■ RECORDS FOR THE EXERCISE ■
· · · · · · ·

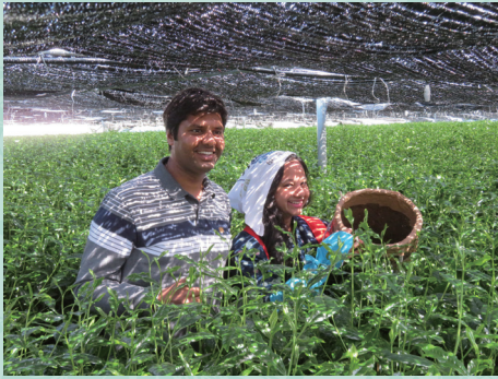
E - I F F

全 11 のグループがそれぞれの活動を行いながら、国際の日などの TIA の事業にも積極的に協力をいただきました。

· · · · · · ·

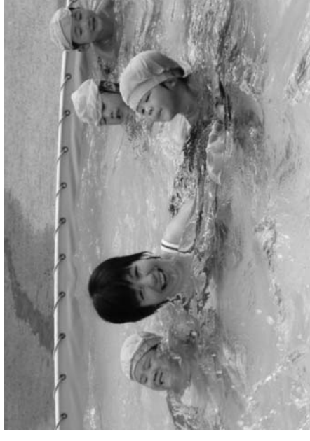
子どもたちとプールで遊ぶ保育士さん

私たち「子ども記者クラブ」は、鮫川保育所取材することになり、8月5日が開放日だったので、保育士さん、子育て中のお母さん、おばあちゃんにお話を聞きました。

· · · · · · ·

■ EXERCISE DESCRIPTION ■
Using the data above, reproduce exactly the lines from the line that contains "子どもたちとプールで遊ぶ保育士さん" through the line that contains "私たち「子ども記者クラブ」は", including both.

■ SOLUTION FOR THIS TASK ■
子どもたちとプールで遊ぶ保育士さん

私たち「子ども記者クラブ」は、鮫川保育所取材することになり、8月5日が開放日だったので、保育士さん、子育て中のお母さん、おばあちゃんにお話を聞きました。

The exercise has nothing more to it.